Data records:
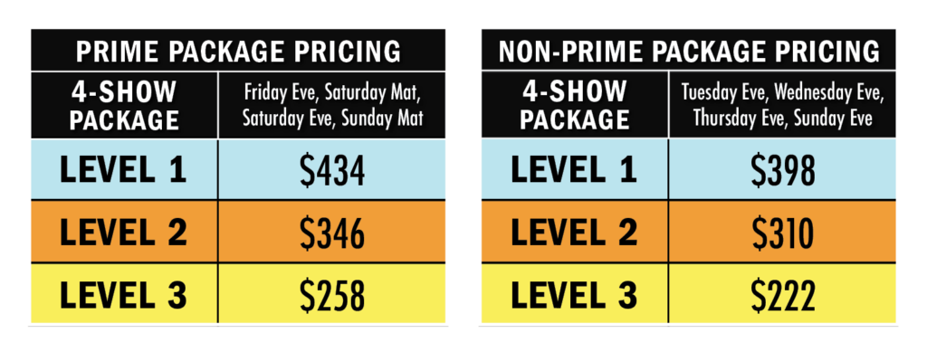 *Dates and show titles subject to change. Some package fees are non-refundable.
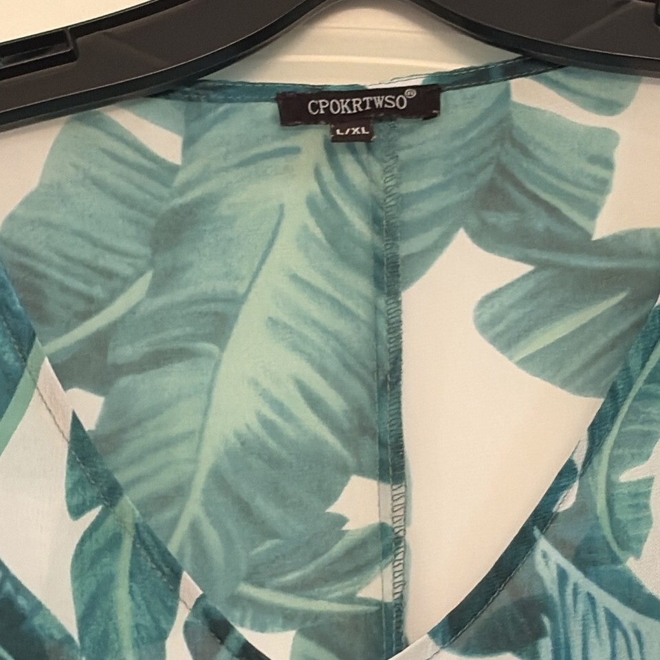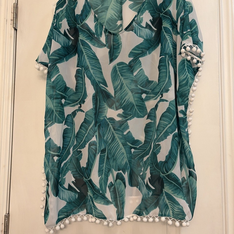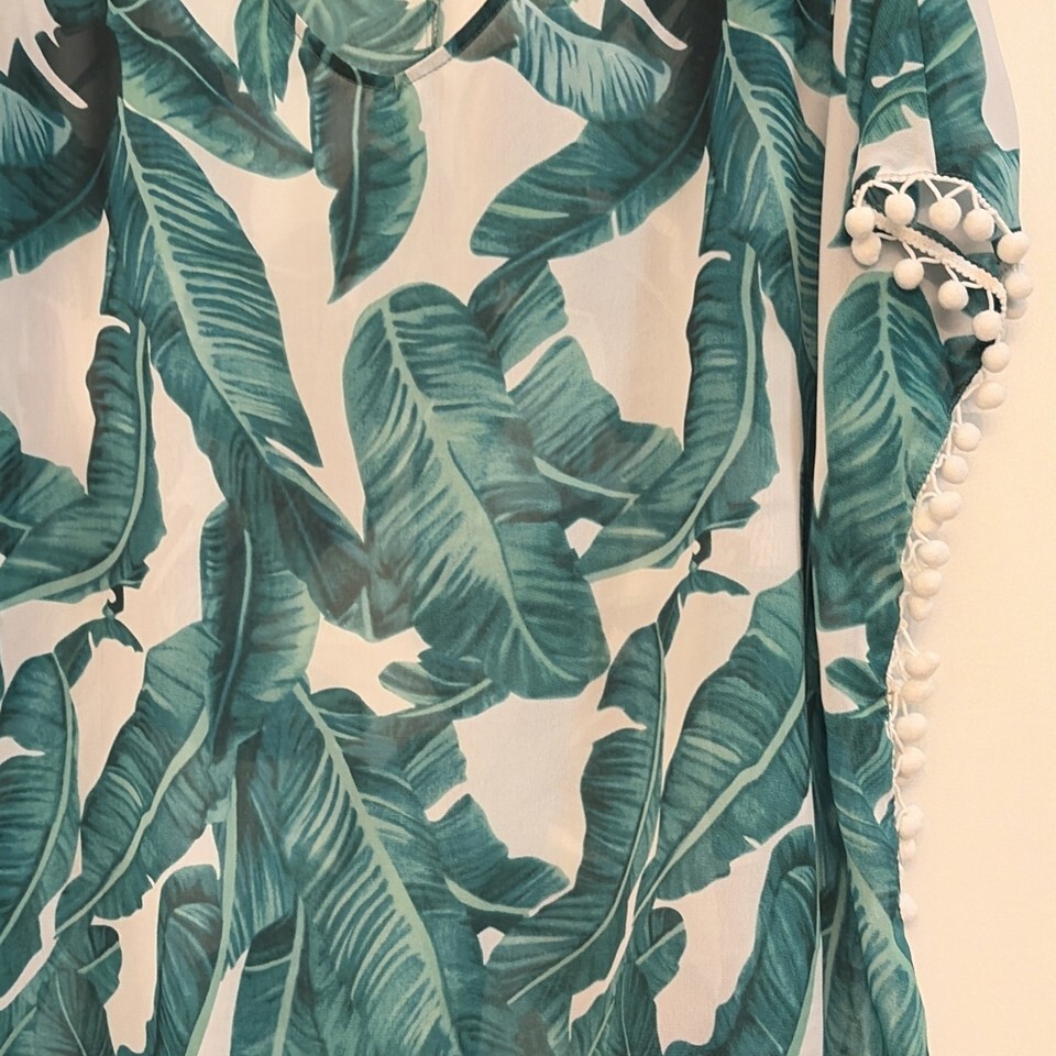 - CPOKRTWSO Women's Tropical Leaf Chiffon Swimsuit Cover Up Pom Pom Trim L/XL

==

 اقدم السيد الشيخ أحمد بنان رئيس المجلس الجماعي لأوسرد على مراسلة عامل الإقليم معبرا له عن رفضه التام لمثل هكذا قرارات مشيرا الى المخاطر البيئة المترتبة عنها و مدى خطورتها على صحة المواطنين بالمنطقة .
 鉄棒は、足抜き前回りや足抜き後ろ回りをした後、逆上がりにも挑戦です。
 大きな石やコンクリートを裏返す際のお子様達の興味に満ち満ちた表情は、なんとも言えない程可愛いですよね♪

Task brief:
Set down only the lines above that fall between the line holding "鉄棒は、足抜き前回りや足抜き後ろ回りをした後、逆上がりにも挑戦です。" and the line holding "大きな石やコンクリートを裏返", inclusive, keeping each exact.

Reply:
 鉄棒は、足抜き前回りや足抜き後ろ回りをした後、逆上がりにも挑戦です。
 大きな石やコンクリートを裏返す際のお子様達の興味に満ち満ちた表情は、なんとも言えない程可愛いですよね♪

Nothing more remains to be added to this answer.